Reference: max_3.max_3
Grading: max_3_1.max_3_1
    (('a', 0), ('b', 0), ('c', 0)) : [0, 0, And(a >= b, a >= c), And(a <= b, b <= a), 'Exploration'],
    (('a', 0), ('b', -1), ('c', 0)) : [0, 0, And(a >= b, a >= c), And(a > b, a <= c, b <= a), 'PathDeviation'],
    (('a', 0), ('b', 2), ('c', 0)) : [2, 2, And(a < b, b >= a, b >= c), And(a <= b, b > a, b > c), 'Exploration'],
    (('a', -1), ('b', 0), ('c', 0)) : [0, 0, And(a < b, b >= a, b >= c), And(a <= b, b > a, b <= c), 'PathDeviation'],
    (('a', 0), ('b', 0), ('c', 1)) : [1, 1, And(a >= b, a < c, b >= a, b < c), And(a <= b, b <= a), 'Exploration'],
    (('a', 0), ('b', 0), ('c', -1)) : [0, -1, And(a >= b, a >= c), And(a <= b, b <= a), 'PathEquivalence'],
    (('a', 1), ('b', 2), ('c', 3)) : [3, 3, And(a < b, b >= a, b < c), And(a <= b, b > a, b <= c), 'Exploration'],
    (('a', 1), ('b', 0), ('c', 2)) : [2, 2, And(a >= b, a < c, b < a), And(a > b, a <= c, b <= a), 'Exploration'],
    (('a', 2), ('b', 0), ('c', 0)) : [2, 2, And(a >= b, a >= c), And(a > b, a > c), 'Exploration'],
    (('a', 0), ('b', 1), ('c', 0)) : [1, 1, And(a < b, b >= a, b >= c), And(a <= b, b > a, b > c), 'Exploration'],
    (('a', 10), ('b', 0), ('c', 12)) : [12, 12, And(a >= b, a < c, b < a), And(a > b, a <= c, b <= a), 'Exploration'],
    (('a', 4), ('b', 5), ('c', 8)) : [8, 8, And(a < b, b >= a, b < c), And(a <= b, b > a, b <= c), 'Exploration'],

tested from path dev or path eq:
    (('a', 0), ('b', -1), ('c', 0)) : [0, 0, And(a >= b, a >= c), And(a > b, a <= c, b <= a), 'PathDeviation'],
    (('a', -1), ('b', 0), ('c', 0)) : [0, 0, And(a < b, b >= a, b >= c), And(a <= b, b > a, b <= c), 'PathDeviation'],
    (('a', 0), ('b', 0), ('c', -1)) : [0, -1, And(a >= b, a >= c), And(a <= b, b <= a), 'PathEquivalence'],

    (('a', 0), ('b', 0), ('c', -1)) : [0, -1, And(a >= b, a >= c), And(a <= b, b <= a), 'PathEquivalence'],

wrong from path dev or path eq:
    (('a', 0), ('b', 0), ('c', -1)) : [0, -1, And(a >= b, a >= c), And(a <= b, b <= a), 'PathEquivalence'],

91.66666666666666% (11/12)

path constraints:
    (And(a >= b, a >= c), And(a <= b, b <= a)) : 0.5,
    (And(a >= b, a >= c), And(a > b, a <= c, b <= a)) : 1,
    (And(a < b, b >= a, b >= c), And(a <= b, b > a, b > c)) : 1,
    (And(a < b, b >= a, b >= c), And(a <= b, b > a, b <= c)) : 1,
    (And(a >= b, a < c, b >= a, b < c), And(a <= b, b <= a)) : 1,
    (And(a < b, b >= a, b < c), And(a <= b, b > a, b <= c)) : 1,
    (And(a >= b, a < c, b < a), And(a > b, a <= c, b <= a)) : 1,
    (And(a >= b, a >= c), And(a > b, a > c)) : 1,

path constraint grade:
93.75% (7.5/8)

Please check line(s) 2, 4, 7 in your program.
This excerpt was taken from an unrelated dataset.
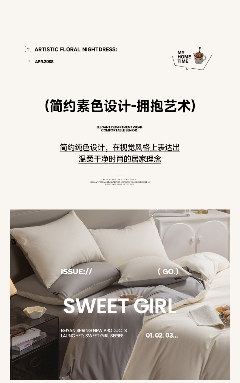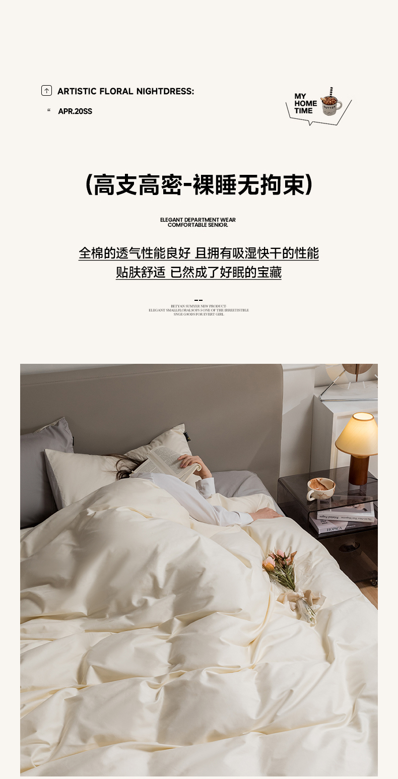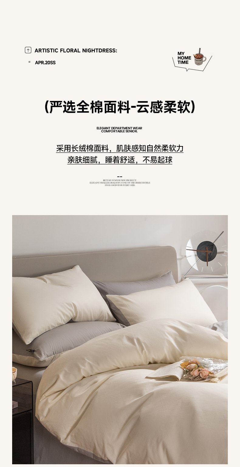 商品名称:澳梵家居 2024新款60支全棉纯色双拼金标款四件套-素写繁华系列 奶昔白-椰子灰

  -h, --help            show this help message and exit
  -g GRADER, --grader=GRADER
                        Grader to be used. ['random', 'whitebox' (default)]
                        Save log output to a file.
  -m MAX_ITERS, --max-iters=MAX_ITERS
                        Run specified number of iterations (0 for unlimited).
                        Should be used for looping or recursive programs.
  -t MAX_TIME, --max-time=MAX_TIME
                        Maximum time for exploration (0 for unlimited). Expect
                        maximum execution time to be around three times the
  -q, --quiet           Quiet mode. Does not print path constraints. Should be
                        activated for looping or recursive programs as
                        printing z3 expressions can be time consuming.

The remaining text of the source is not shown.